Well, after finishing grade school there in 1934, I went to Forest Grove High School. I think I was the only Japanese at the school. But nevertheless, I went out for sports and played baseball. I played varsity baseball; and eventually, I was elected the freshman class president. One of the courses that I still remember which was an excellent course was a course in agriculture, and this is a course where we learned how to judge animals, how to judge quality cows, dairy cows, beef cows, beef cattle, how to judge sheep, chicken. We learned how to ascertain butter fat in milk. We did the test ourselves. We went out and learned different kinds of trees, shrubs, and learned how to splice rope, tie knots. It was an excellent course. Unfortunately, in 1935, we moved from Hillside to a place called Laurelview. This was about six, seven miles south of Hillsboro. And as a result, I had to transfer to Hillsboro High School as a sophomore, and I finished out my high school years there. Here, I met the Iwasaki family and the Tsugawa family, and Art Iwasaki was in my class, and George was a year behind us. I played sports here too. I played varsity baseball and junior varsity football. I could still remember that I had to ride my bike home every night since the bus had already left. So at Hill High, I became the sports editor for the school manual, and so I got to travel with the athletic team.

[Interruption]

DF: And growing up playing the samurai game, will you explain what the samurai game --

TI: Well, we carried wooden swords and chose up sides, and we would hide, seek, and then use the wooden swords to simulate battle.

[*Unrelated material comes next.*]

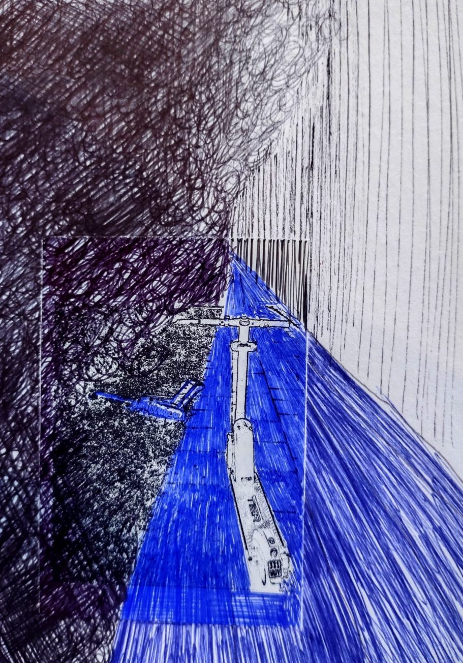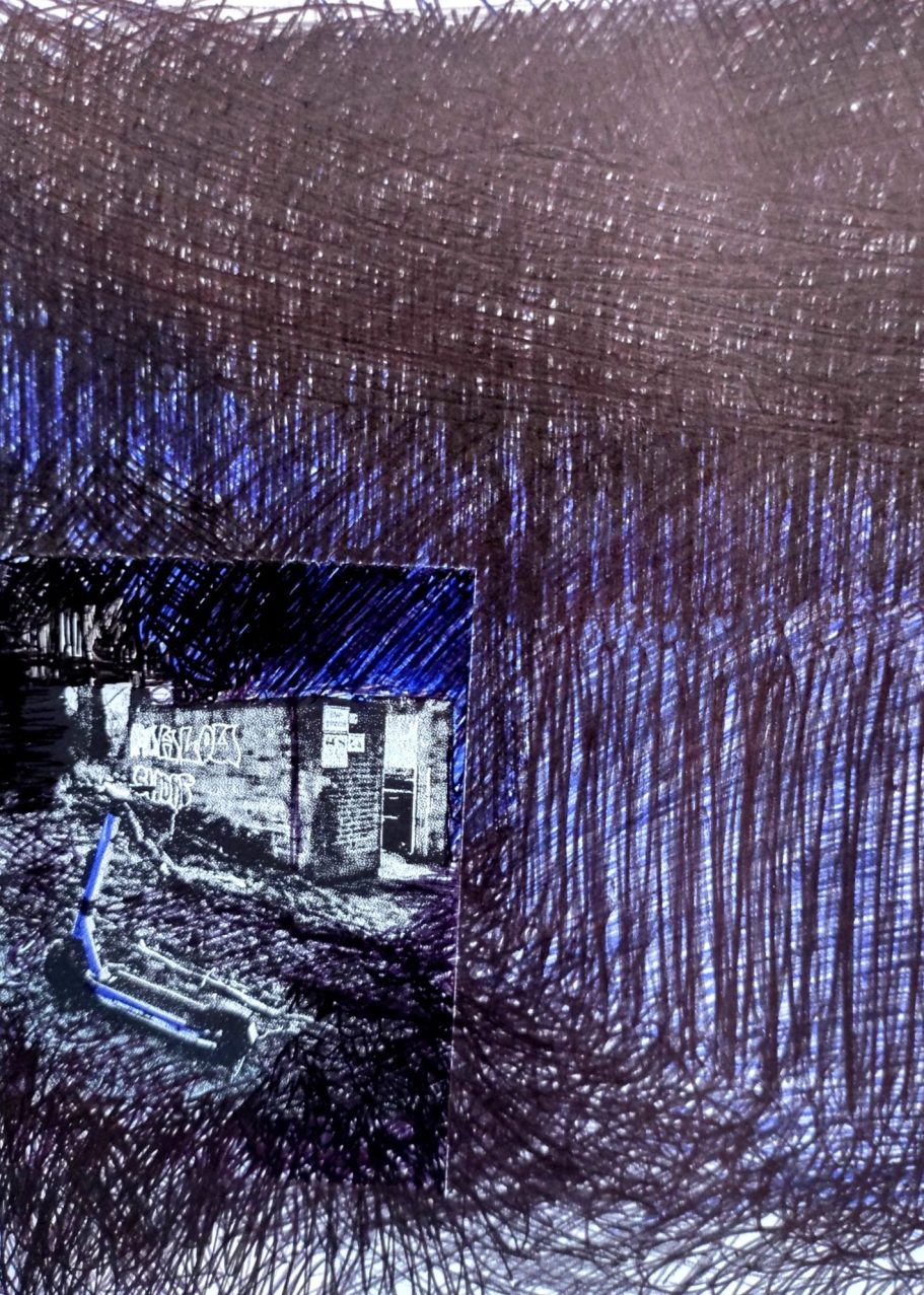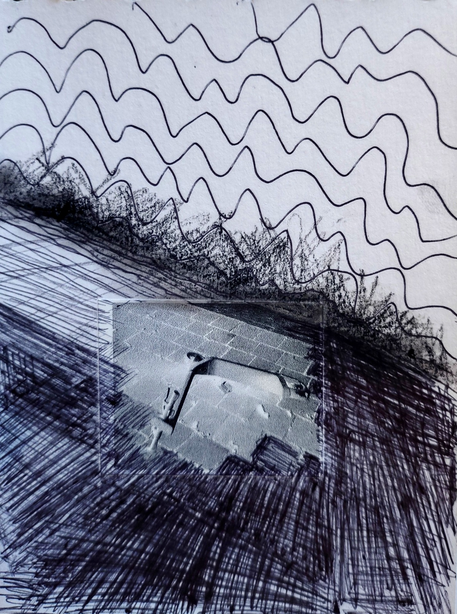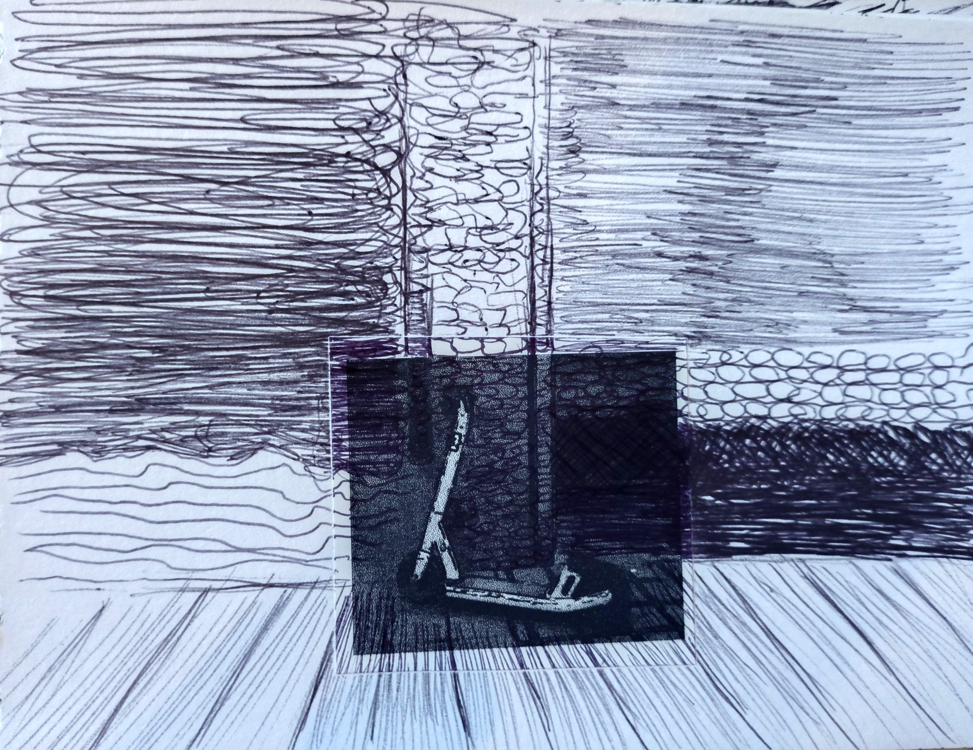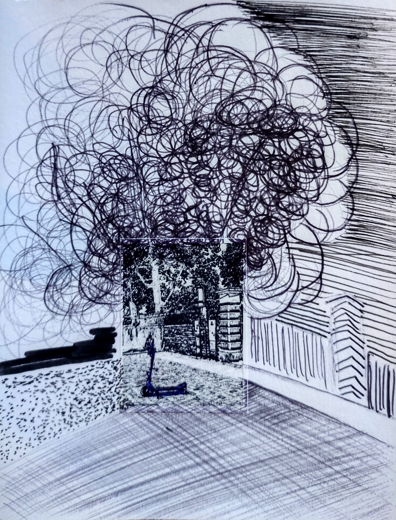 Untitled, 2025, collage, fineliner on paper, 10 x 15 cm

DF: And the names you mentioned, those are names of different characters?

TI: They are famous shoguns. Well in 1936, my father moved again to an area called Helvetia meaning Switzerland, and we rented a large acreage of sixty acres from a Swiss Issei, Ruffner, Fred Ruffner. And we had a very good luck year, and my father harvested a bumper crop of strawberries which amounted to five tons per acre which was unheard of because the average was around two, two and a half tons. In 1939, because we increased our acreage to seventy acres and because they were so busy, I had to drop out of school. I had attended University of Oregon in 1938 for one year. And at that time, my father suggested that I enroll as a pre-law major, and so I did. But of course, the first year or two in college is pretty much general course. But in 1939 as I say, we were so busy that I was, I had to drop out of school to help, and the big problem was to obtain labor, berry pickers.

And I don't recall where I got this lead, but I went up to Vancouver Island, Canada, and contacted an Indian tribe at a place called Nanaimo, and I met the chief and made arrangements to bring the tribe down to our farm. So I had to make arrangements for approximately 150 people to travel down to Victoria by bus and then by ferry to Seattle and then by train to Portland and then by bus and truck out to our farm. And we had already had a berry camp where we had what we call bunkhouses. But of course, the bulk of the camp was made up of tents, and we had to supply wooden stoves, water facilities, and so on. And the Indians, of course, their diet consisted mainly of salmon, and so I had to find a source for them, and there was a fish cannery. I believe it was in Washougal, Washington, and I would go over there every several days and get huge, large boxes of salmon head which were being discarded, and of course, the Indians thought this was the best, and so we got along very well. At the end of the season, harvest season, I took them back again the same route back to Nanaimo, and this was quite a learning experience for me because I was only eighteen or seventeen.